Since 2016, the U.S. Department of Justice Antitrust Division (“DOJ” or “Division”) has increased its enforcement focus on agreements between labor market competitors not to hire each other’s employees — also known as “no-poach agreements” — stating on multiple occasions that naked no-poach agreements or agreements not to compete on employee compensation risk criminal prosecution. Through statements made earlier this month by a senior official in the Division, DOJ has now provided additional insight on the analysis it uses to determine whether a particular no-poach agreement should be criminally prosecuted. Employers in competitive labor markets should take note of DOJ’s repeated warnings when considering employment-related agreements with competitors and exchanging employment-related information with competitors, and they would also be well served to assess their current antitrust risk by proactively reviewing employment-related agreements with other employers through the lens of DOJ’s analysis. Such a proactive approach could significantly reduce a company’s exposure to extensive penalties arising from antitrust violations.

DOJ’s Analysis of No-Poach Agreements
In prepared remarks delivered at Santa Clara University School of Law,[1] Deputy Assistant Attorney General Michael Murray explained that although federal antitrust enforcers “long have been active” in the labor space, the Division’s “enforcement focus on the labor markets has become even more acute in the past few years,” particularly in relation to assessing the appropriateness of any agreements between employers regarding the hiring of each other’s employees or the setting of employee compensation.
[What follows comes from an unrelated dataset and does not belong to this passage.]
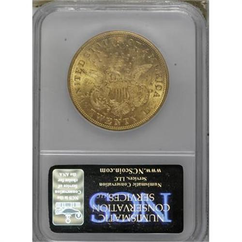 <B>1874-S $20 --Altered Surface--NCS. UNC Details.</B></I> NGC Census: (172/307). PCGS Population (69/210). Mintage: 1,214,000. Numismedia Wsl. Price for NGC/PCGS coin in MS60: $1,250. (#8972)<BR><BR><B>Coin Engraver:</B> James B. Longacre<BR><BR><b>Shipping:</b> Coins & Currency (<a target="_blank" href="http://www.heritageauctions.com/common/shipping.php">view shipping information</a>)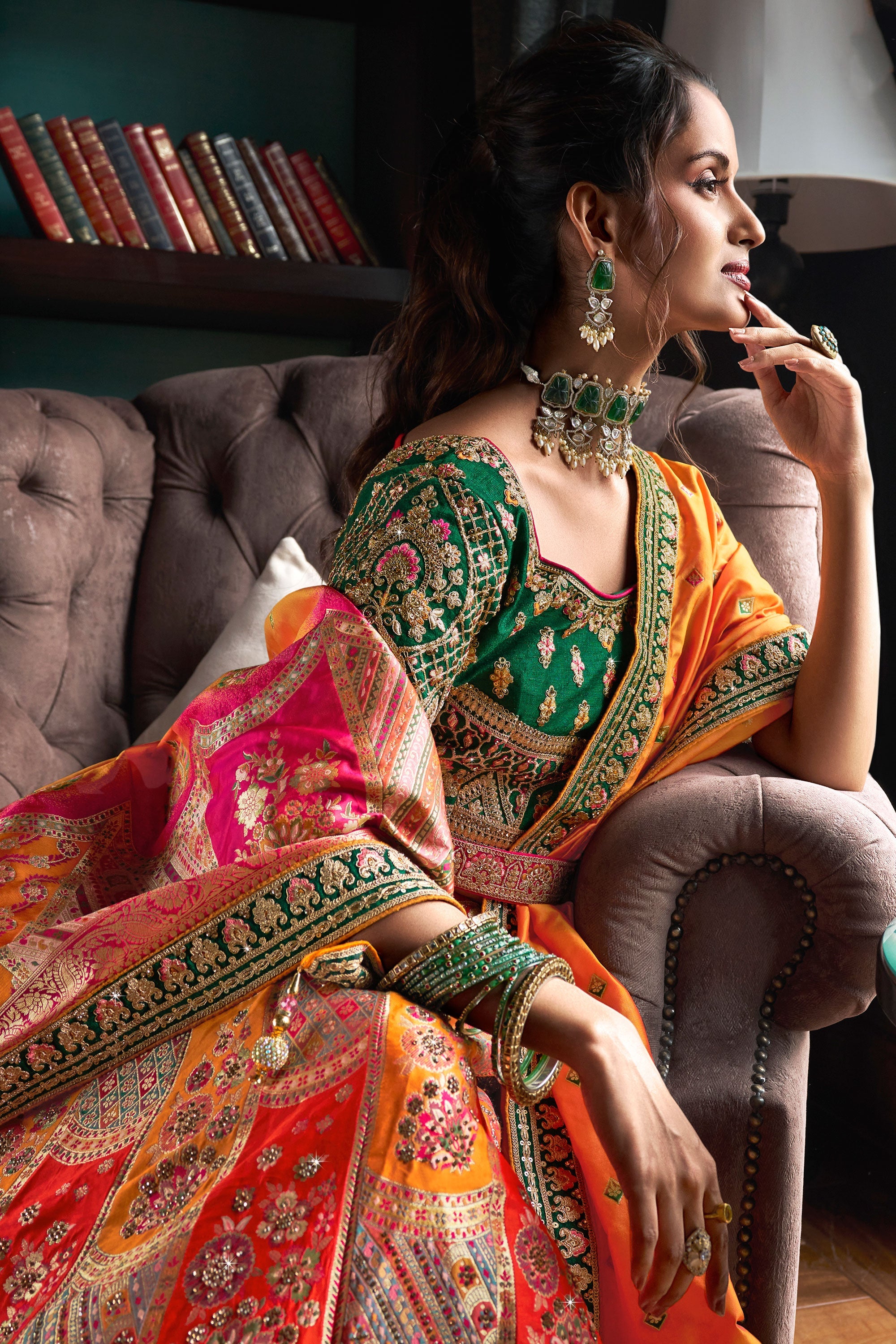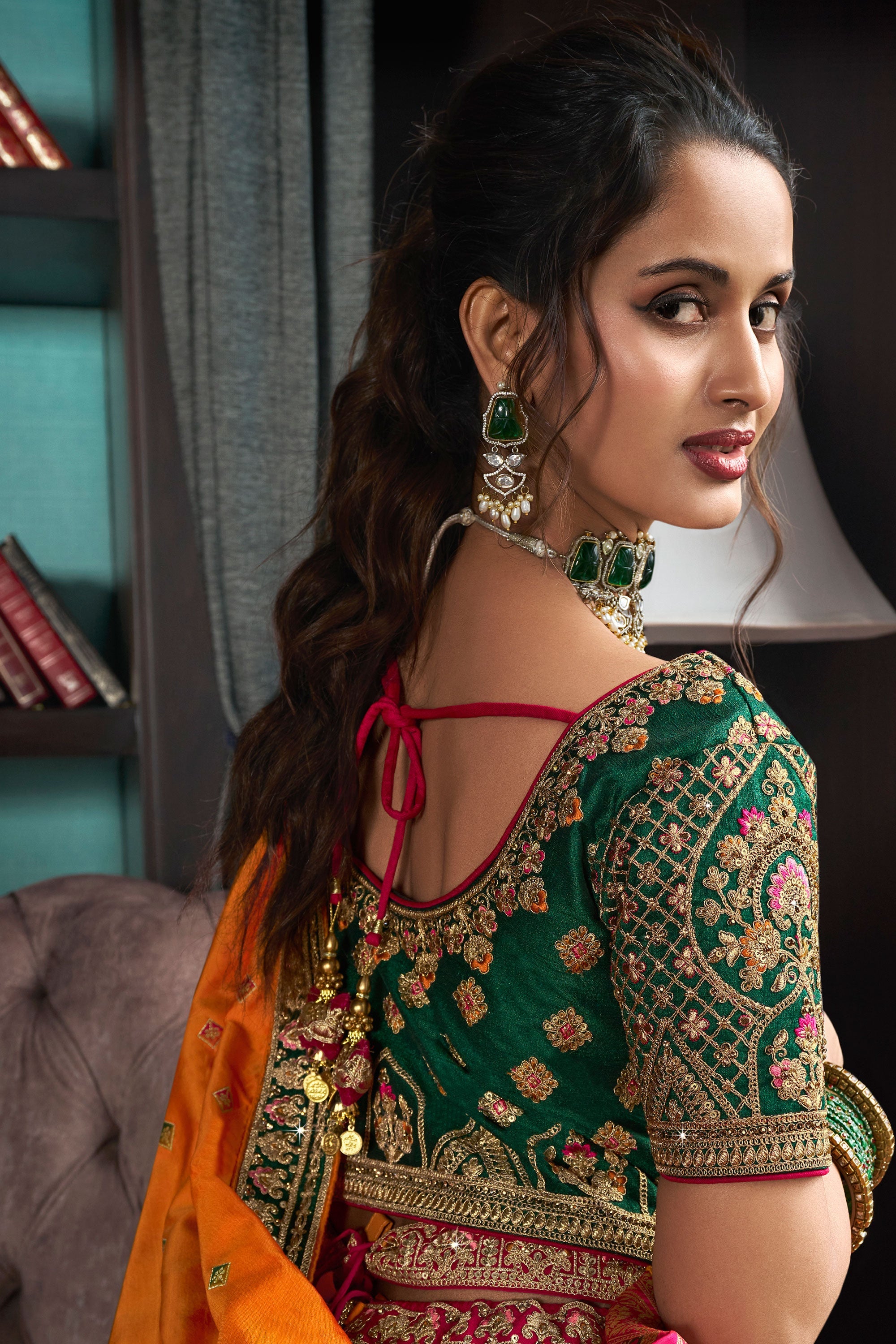 Graceful Heavy Embroidered Bridal Lehenga Choli In Banarasi Silk Fabric

Seeking to clarify and provide context to the October 2016 issuance of DOJ’s and Federal Trade Commission’s Antitrust Guidance for Human Resource Professionals,[2] as well as the Division’s recent amicus brief filings in various labor market cases, Murray reiterated DOJ’s position that it views naked no-poach agreements among labor market competitors as per se violations, while it views no-poach agreements that are not naked or not among competitors as subject to the rule of reason.[3] Acknowledging the “nuanced and complex framework” through which DOJ analyzes alleged no-poach agreements, Murray outlined the questions DOJ asks when analyzing a no-poach agreement and when determining whether a given agreement should be subject to criminal prosecution.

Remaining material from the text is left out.